**AIM OF THE TASK**
Print, exactly and without pictures, the lines from the one where "začal jsem hrat" appears down to the end of the entries.

(Records from a dataset)
════════════════

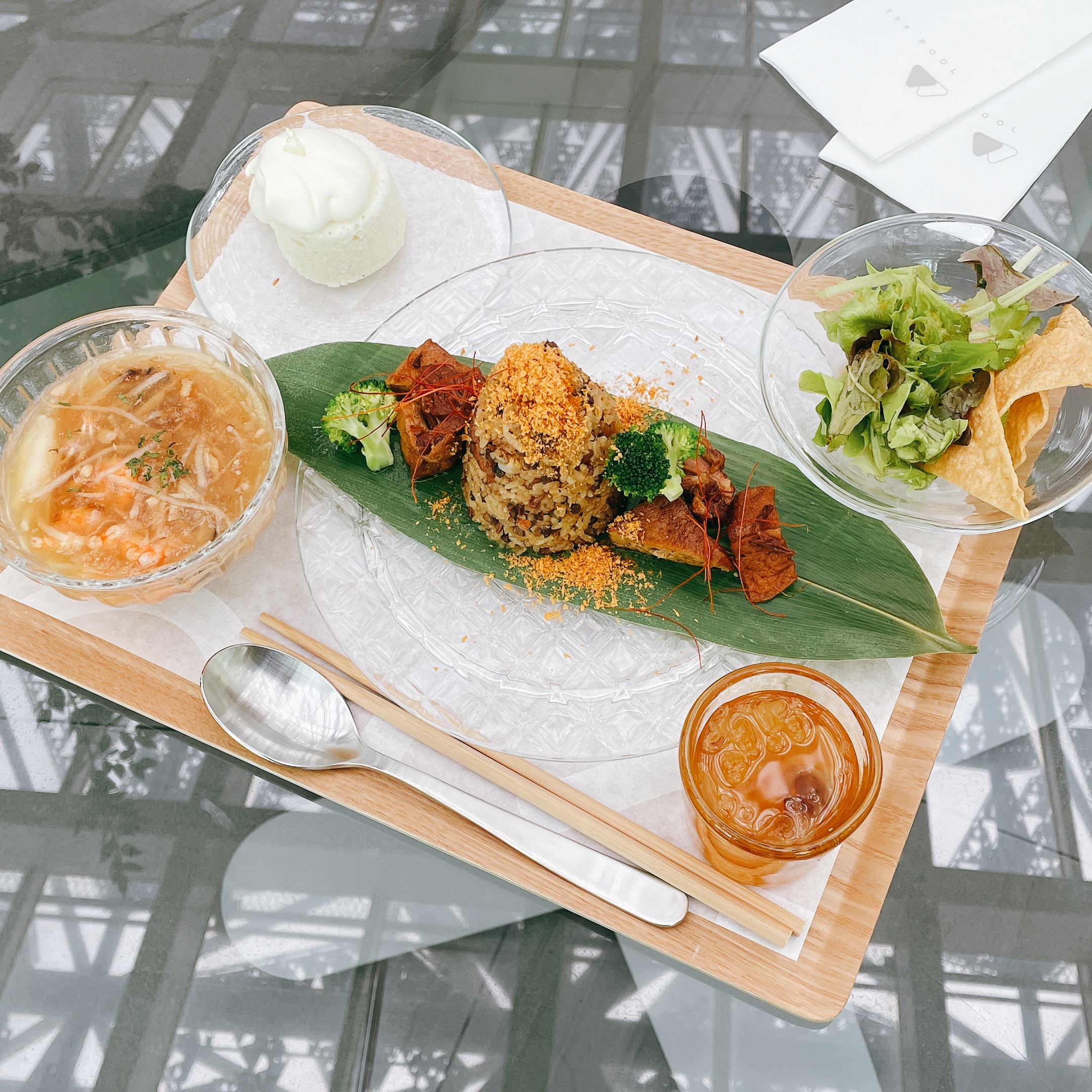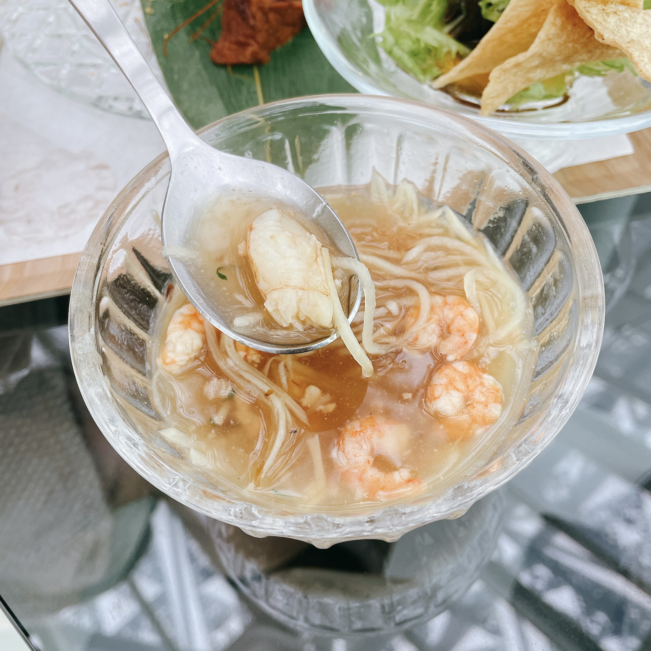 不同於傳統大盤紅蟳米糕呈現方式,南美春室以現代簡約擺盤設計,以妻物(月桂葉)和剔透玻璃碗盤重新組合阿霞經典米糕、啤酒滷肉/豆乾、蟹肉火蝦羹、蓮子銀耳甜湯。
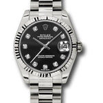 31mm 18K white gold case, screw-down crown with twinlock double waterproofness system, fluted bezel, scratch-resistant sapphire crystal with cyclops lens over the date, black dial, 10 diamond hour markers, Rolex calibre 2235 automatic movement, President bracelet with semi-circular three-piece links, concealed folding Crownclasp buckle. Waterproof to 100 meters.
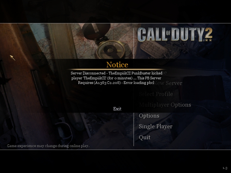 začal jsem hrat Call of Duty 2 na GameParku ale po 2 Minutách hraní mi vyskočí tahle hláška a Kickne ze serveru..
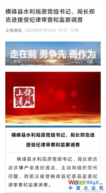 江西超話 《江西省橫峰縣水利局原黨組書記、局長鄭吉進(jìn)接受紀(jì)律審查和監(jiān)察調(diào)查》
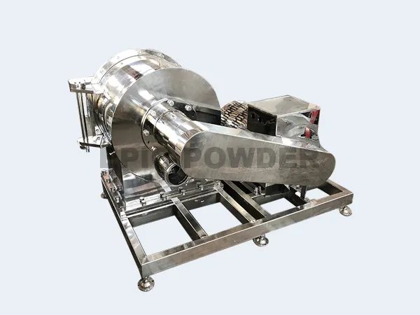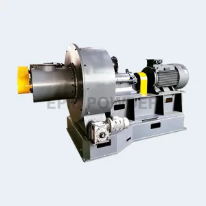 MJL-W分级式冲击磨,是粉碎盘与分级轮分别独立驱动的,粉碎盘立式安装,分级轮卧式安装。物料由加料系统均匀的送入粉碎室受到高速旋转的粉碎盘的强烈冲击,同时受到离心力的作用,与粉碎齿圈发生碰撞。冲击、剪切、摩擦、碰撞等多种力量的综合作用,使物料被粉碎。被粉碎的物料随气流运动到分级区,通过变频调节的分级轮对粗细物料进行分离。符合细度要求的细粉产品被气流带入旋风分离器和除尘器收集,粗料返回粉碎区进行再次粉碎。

════════════════

**FINAL ANSWER**
 začal jsem hrat Call of Duty 2 na GameParku ale po 2 Minutách hraní mi vyskočí tahle hláška a Kickne ze serveru..
 江西超話 《江西省橫峰縣水利局原黨組書記、局長鄭吉進(jìn)接受紀(jì)律審查和監(jiān)察調(diào)查》
 MJL-W分级式冲击磨,是粉碎盘与分级轮分别独立驱动的,粉碎盘立式安装,分级轮卧式安装。物料由加料系统均匀的送入粉碎室受到高速旋转的粉碎盘的强烈冲击,同时受到离心力的作用,与粉碎齿圈发生碰撞。冲击、剪切、摩擦、碰撞等多种力量的综合作用,使物料被粉碎。被粉碎的物料随气流运动到分级区,通过变频调节的分级轮对粗细物料进行分离。符合细度要求的细粉产品被气流带入旋风分离器和除尘器收集,粗料返回粉碎区进行再次粉碎。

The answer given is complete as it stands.